Она мечтала написать такую книгу, в которой было бы написано, как написать такую книгу, в которой было бы написано, как написать такую книгу, в которой было бы написано, как написать такую книгу, в которой было бы.
Вот такая, уставшая от нечаянно касавшихся, царапавших и от боли, изображений смерти, невыполнимая была уже давно. Теперь все немного иначе.
Сегодня, когда весь день без устали дует такой сильный ветер, что люди идут по улицам, клонясь или даже переворачиваясь, как бывает клонима и вертима любовь одного в руке другого, невыполнимая сидела у стены в безлюдном переулке. Голова ее миля за милей, сажень за саженью клонилась все ниже и ниже, пока невыполнимая сидела на земле у мозаичной стены здания в безлюдном переулке.
Это сидение продолжается с тех пор, как мосток на берегу озера, где она проводила лето, весну и осень, начал выделывать одну за другой глупости. Она любила прыгать в воду с того мостка, а из воды — назад на мосток, и так весь день.
Некоторое время назад все поменялось. Как только она ступала на мосток, он начинал так дрожать и дребезжать, что она падала и обдирала колени. А если и оставался спокойным, пока она со всей осторожностью шла к его концу, то, как только она отталкивалась для прыжка, быстро удлинялся на несколько метров вперед. И невыполнимая, вместо того чтобы плюхнуться в воду, хлопалась о вытянувшийся под ней мосток.
Дальше — больше. С каждым разом все больше.

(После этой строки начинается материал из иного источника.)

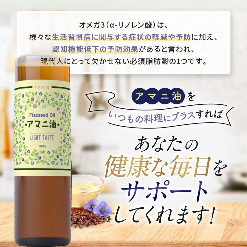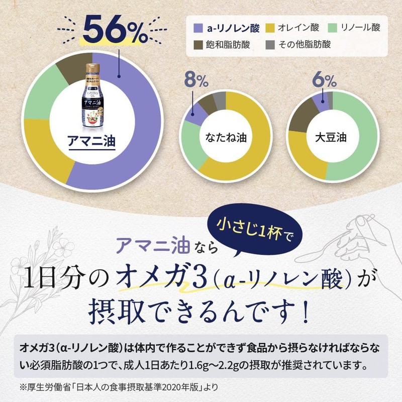 • Gentle Flavor: It has a low odor and is unique to linseed, so it can be enjoyed by people of a wide range of ages, from seniors to children.
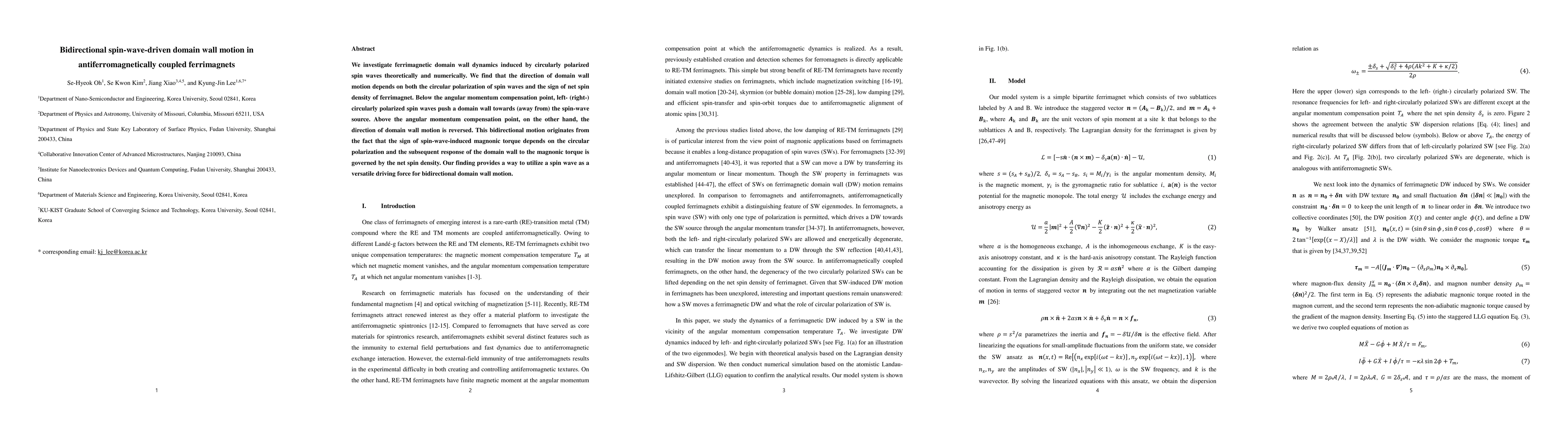 This research investigates how spin waves can induce bidirectional domain wall motion in ferrimagnetic materials, finding that the direction depends on spin wave polarization and net spin density. Below a certain threshold, spin waves push the domain wall towards or away from the source based on polarization, while above this threshold, the motion reverses.
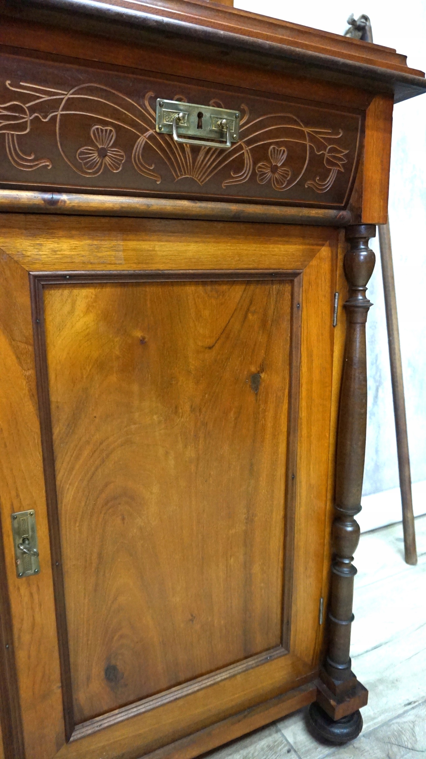 Комод с красивыми резными элементами на ящиках и на венце
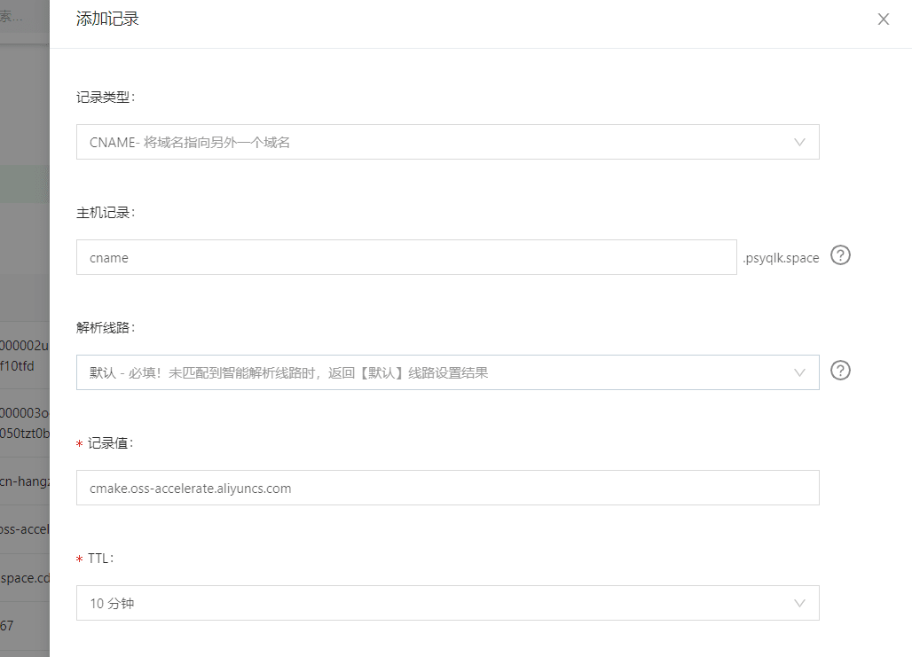 在记录类型中选择CNAME,在主机记录中填写想设置的三级域名名字,在记录值中粘贴刚刚复制的传输加速访问域名,点击确认。记住这里设置的主机记录的名字,和域名合起来就是最终部署的网站地址啦
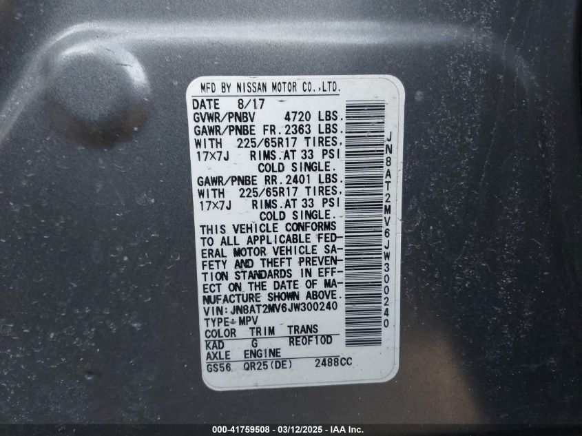 2018 NISSAN ROGUE 2018 Gasoline, 2.5, Full drive, VIN - JN8AT2MV6JW****** from the USA
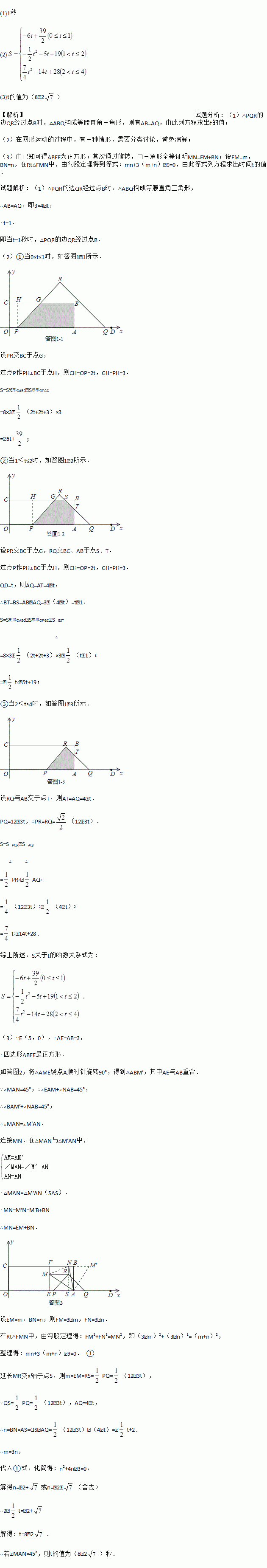 £¨3£©Èçͼ2£¬¹ý¶¨µãE£¨5£¬0£©×÷EF¡ÍBC£¬´¹×ãΪF£¬µ±¡÷PQRµÄ¶¥µãRÂäÔÚ¾ØÐÎOABCµÄÄÚ²¿Ê±£¬¹ýµãR×÷xÖá¡¢yÖáµÄƽÐÐÏߣ¬·Ö±ð½»EF¡¢BCÓÚµãM¡¢N£¬Èô¡ÏMAN=45¡ã£¬ÇótµÄÖµ£®
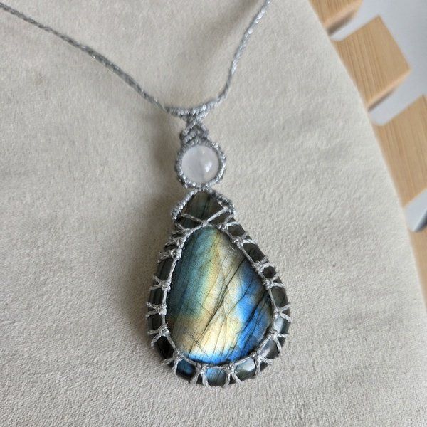 Ce pendentif serti et monté sur collier, réalisé à la main par mes soins vous apportera un soin énergétique pour favoriser la connexion avec vos guides spirituels, la connexion avec vous-même et également les bienfaits de la Pierre de Labradorite.
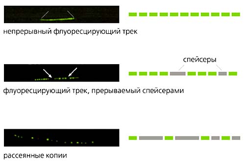 и треки с разрывами (спейсерами) различных размеров (в середине и внизу).Теломерные повторы могут располагаться вдоль плеч в интерстициальных и даже в прицентромерных районах хромосом, но сами по себе не образуют функциональную теломеру. Вполне логично думать, что для ее формирования необходимы специализированные белки, обволакивающие теломерную ДНК и защищающие концы хромосомы от нежелательных воздействий. Теломерную ДНК можно рассматривать как платформу для сборки больших комплексов белков, ключевой среди которых - комплекс теломеразы. Кроме того, в реализации ее функций участвуют другие системы: ДНК-белковый комплекс, формирующийся на одноцепочечном G-выступе, и белковые комплексы на двухцепочечной ДНК теломерного повтора. Некоторые белки специфически локализованы на теломерах, но основная их часть присутствует и в других участках хромосом.

Доски мостка отделялись одна за другой, отскакивали от каркаса, вытряхивали гвозди и принимались тереть бока невыполнимой. Охаживали до тех пор, пока ее тело не принимало вид мостка, становилось коричневым от ушибов и древесины. Доски с точностью передавали невыполнимой свой рисунок, цвет, все пятнышки, мелких жучков, трещинки. Потом переворачивали ее, посиневшую и гноящуюся от ушибов, вверх тормашками — так, чтобы легла на их место.
Оставив невыполнимую лежать мостком, доски, хохоча и пихаясь, заваливались на пригорок. Некоторое время они, с гвалтом (или, наоборот, в кладбищенской тишине), лакомились росшей здесь дикой клубникой и пьяницами. Потом разбегались и цепочкой неслись вниз с горки к озеру, выкрикивая песни про деревья, из которых их когда-то вырезали, и кусты, росшие рядом с деревьями, из которых их когда-то вырезали.
Разбегались, угловатыми ступнями перебегали по гноящейся, лежавшей мостком невыполнимой, надежно отталкивались от нее и плюхались в воду. Плескались, пока древесина не пропитывалась водой насквозь и не начинала преть и тлеть.